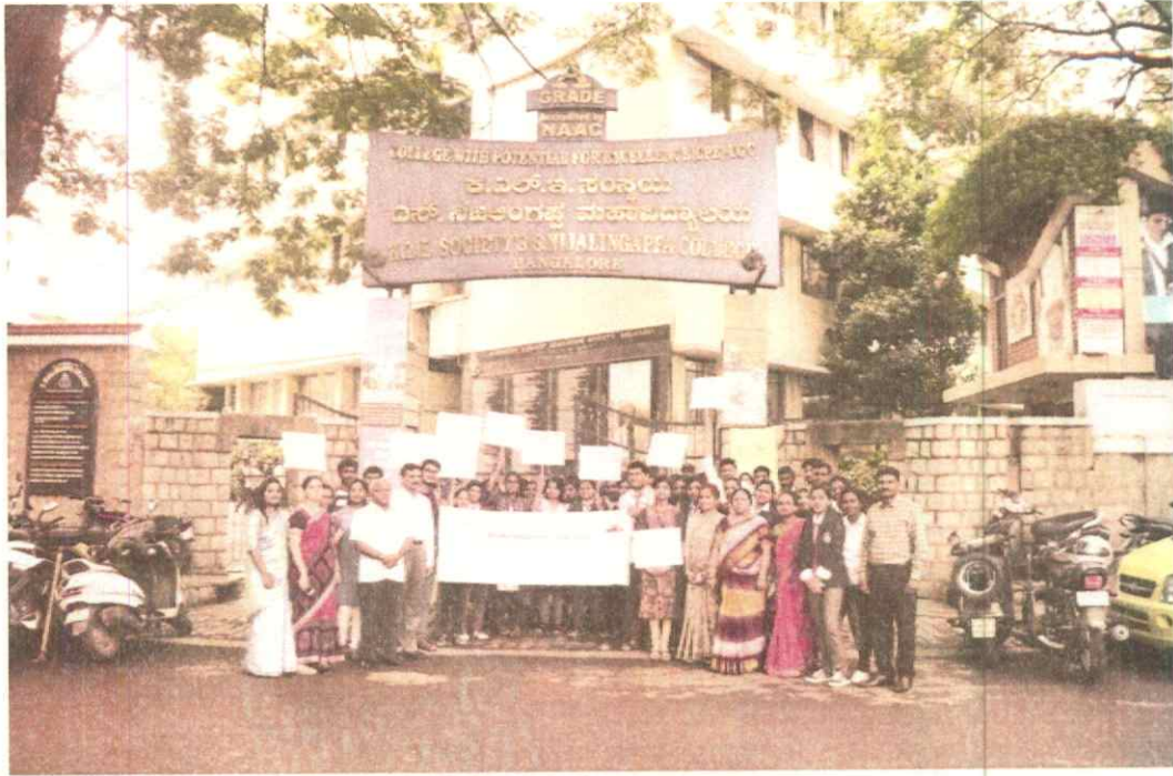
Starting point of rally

————————

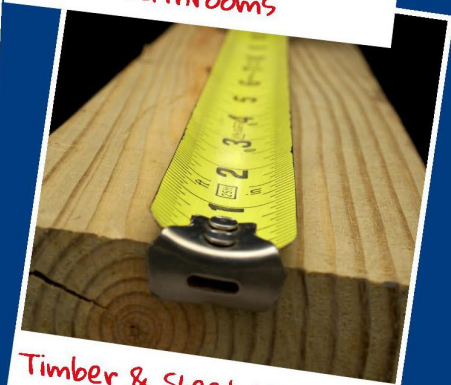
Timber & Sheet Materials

————————

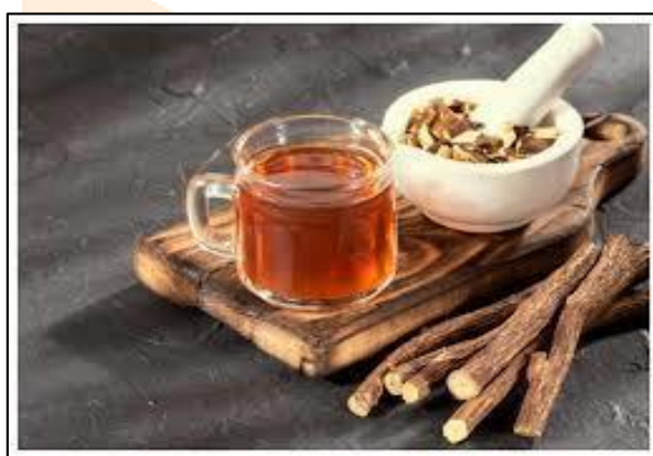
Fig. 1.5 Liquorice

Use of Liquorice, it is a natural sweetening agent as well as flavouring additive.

————————

Among the lines above, find the one with "Fig. 1.5 Liquorice" and the one with "Use of Liquorice, it". Quote both and everything between them, exactly.

ANSWER TO THE PROBLEM:
Fig. 1.5 Liquorice

Use of Liquorice, it is a natural sweetening agent as well as flavouring additive.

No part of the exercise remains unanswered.